= WHAT IS EXPECTED =
Please transcribe exactly, and only, the lines of the data below between the line holding "Seguendo la filosofia" and the line holding "Jandarma iş makinalarını", inclusive.

----- EXCERPTED RECORDS -----

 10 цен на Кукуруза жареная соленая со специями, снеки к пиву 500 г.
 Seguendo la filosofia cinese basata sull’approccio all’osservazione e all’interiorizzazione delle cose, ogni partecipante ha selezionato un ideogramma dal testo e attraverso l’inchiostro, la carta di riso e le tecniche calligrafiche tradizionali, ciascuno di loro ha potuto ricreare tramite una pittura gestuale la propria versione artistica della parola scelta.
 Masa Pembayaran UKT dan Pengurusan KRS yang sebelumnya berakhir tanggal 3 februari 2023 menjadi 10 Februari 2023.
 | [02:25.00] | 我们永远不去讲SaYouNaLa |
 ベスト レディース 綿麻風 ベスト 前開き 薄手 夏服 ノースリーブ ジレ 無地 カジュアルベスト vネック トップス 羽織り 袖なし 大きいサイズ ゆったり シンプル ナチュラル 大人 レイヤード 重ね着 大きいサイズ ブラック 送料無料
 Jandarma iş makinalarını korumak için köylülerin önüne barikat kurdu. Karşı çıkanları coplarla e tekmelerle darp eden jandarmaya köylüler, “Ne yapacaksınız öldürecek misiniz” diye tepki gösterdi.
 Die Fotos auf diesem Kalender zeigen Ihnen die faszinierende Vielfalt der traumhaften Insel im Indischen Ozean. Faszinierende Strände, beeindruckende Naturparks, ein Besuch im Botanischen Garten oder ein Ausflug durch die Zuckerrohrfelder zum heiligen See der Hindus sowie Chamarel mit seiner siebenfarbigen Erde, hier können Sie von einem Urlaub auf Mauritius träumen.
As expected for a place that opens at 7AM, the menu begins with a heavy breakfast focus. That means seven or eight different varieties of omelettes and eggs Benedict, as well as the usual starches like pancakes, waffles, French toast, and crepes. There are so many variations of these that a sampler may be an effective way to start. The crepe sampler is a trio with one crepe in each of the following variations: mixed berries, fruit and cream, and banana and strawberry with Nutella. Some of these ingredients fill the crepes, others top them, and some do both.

-----

= SOLVED EXERCISE =
 Seguendo la filosofia cinese basata sull’approccio all’osservazione e all’interiorizzazione delle cose, ogni partecipante ha selezionato un ideogramma dal testo e attraverso l’inchiostro, la carta di riso e le tecniche calligrafiche tradizionali, ciascuno di loro ha potuto ricreare tramite una pittura gestuale la propria versione artistica della parola scelta.
 Masa Pembayaran UKT dan Pengurusan KRS yang sebelumnya berakhir tanggal 3 februari 2023 menjadi 10 Februari 2023.
 | [02:25.00] | 我们永远不去讲SaYouNaLa |
 ベスト レディース 綿麻風 ベスト 前開き 薄手 夏服 ノースリーブ ジレ 無地 カジュアルベスト vネック トップス 羽織り 袖なし 大きいサイズ ゆったり シンプル ナチュラル 大人 レイヤード 重ね着 大きいサイズ ブラック 送料無料
 Jandarma iş makinalarını korumak için köylülerin önüne barikat kurdu. Karşı çıkanları coplarla e tekmelerle darp eden jandarmaya köylüler, “Ne yapacaksınız öldürecek misiniz” diye tepki gösterdi.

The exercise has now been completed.